In recent years, research has shown that alveolation and abnormal pulmonary vascular development play an important role in the occurrence and development of BPD. ²⁴ Many cell growth factors are involved in the development of alveoli and pulmonary blood vessels, such as platelet-derived growth factor (PDGF), vascular endothelial growth factor (VEGF), and transforming growth factor. These growth factors play an important role in lung development and can promote the generation of alveoli and pulmonary blood vessels. ²⁵ Platelets play a role in repairing damaged blood vessels. When the vascular endothelium is damaged, subcutaneous matrix components such as von Willebrand factor are exposed. Platelets bind with von Willebrand factor to activate platelets, and the activated platelets release substances in internal particles (including adhesive proteins, growth factors, and procoagulation factors) to promote platelet aggregation. The aggregated platelets participate in the repair of damaged blood vessels and promote the formation of lung blood vessels. In this study, the PLT on the first day of life was significantly lower in infants with than without BPD, which was consistent with the results of Chen et al. ²⁶ This suggests that the risk of thrombocytopenia is higher in children with than without BPD. Additionally, it was speculated that decreases in secreted growth factors might be caused by thrombocytopenia. Effects on alveolation and pulmonary vascular development were further confirmed in a study by Oak and Hilgendorff, ²⁷ who found that PDGF, VEGF, transforming growth factor, and other factors were reduced in children with BPD and that these reductions were associated with abnormal pulmonary vascular development.

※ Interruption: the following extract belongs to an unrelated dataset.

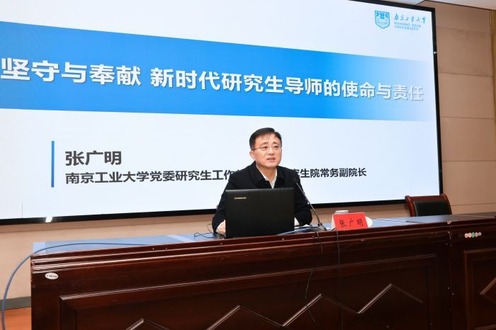 会议邀请国家教学名师、南京工业大学张广明教授作题为《坚守与奉献—— 新时代研究生导师的使命与责任》的首场专家辅导报告。他从教育本质与教师情怀、面向未来的研究生教育改革、如何成为一名优秀的研究生导师三个方面细致讲授,深刻阐述了导师的使命与责任,为如何做好新时代研究生导师指明了方法和路径。他指出,研究生导师是高校学科建设和人才培养的关键力量,是科技创新的战略力量,要立德树人、科研育人、以文化人,成为研究生学术道路、价值塑造的引路人。

Compared with the PLT alone, the PMI uses both the PLT and mean platelet volume, allowing it to more accurately reflect platelet function. Okur et al. ²⁸ reported that preterm infants with ventricular hemorrhage, retinopathy of prematurity, neonatal NEC, and BPD had a lower PMI than preterm infants without these diseases. Studies have also shown that the growth factors of blood lamella, such as VEGF and PDGF, increase as the PMI increases.^29,30 The present study also showed that the PMI was lower in infants with than without BPD, and the clinical value of the PMI in predicting the occurrence of BPD was higher than that of the PLT. We speculate that children with BPD who have a low PMI also have low levels of VEGF and other cell growth factors, which are related to the occurrence and development of alveolation and abnormal pulmonary vascular development. Therefore, a low PMI may promote the occurrence of BPD.

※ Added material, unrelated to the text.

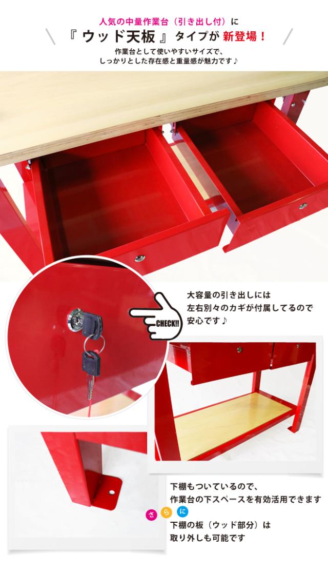 引き出しはベアリング入り! ●作業台として使いやすいサイズです ●天板は強固なプレスウッド38mmの厚板使用 ●引き出しはベアリング入りで動きもスムーズです ●左右別のカギ付きなので、安心です ●足には固定用の穴があるので、設置(固定)しても使えます ●下棚の板(厚み20mm)は取り外しが可能です(スチールの枠は残ります) ●発送荷姿は足を外していますので付属のボルト、ナットで組み立てて下さい (所要時間約20分) ●KIKAIYAロゴステッカー付き ※梱包箱に天板が裏返しで入っておりますので、そのまま逆さの状態で組むと 天板を傷つけにくいです 品番:M-W |

The main limitation of this study is the small patient population. Furthermore, because this was a retrospective observational study, it was challenging to ensure consistency of the clinical data because not all patients were treated by the same physicians. Finally, this study only included Chinese patients, which prevents us from assessing the impact of ethnic diversity. Multicenter, large-sample studies are needed to increase the level of evidence for the relationship of BPD with the NLR, PMI, and PLT.

In conclusion, as new inflammatory markers, the NLR, PLT, and PMI have the advantages of being simple, economical, and rapid; having a certain sensitivity and specificity for predicting the occurrence of BPD; and having important clinical application value.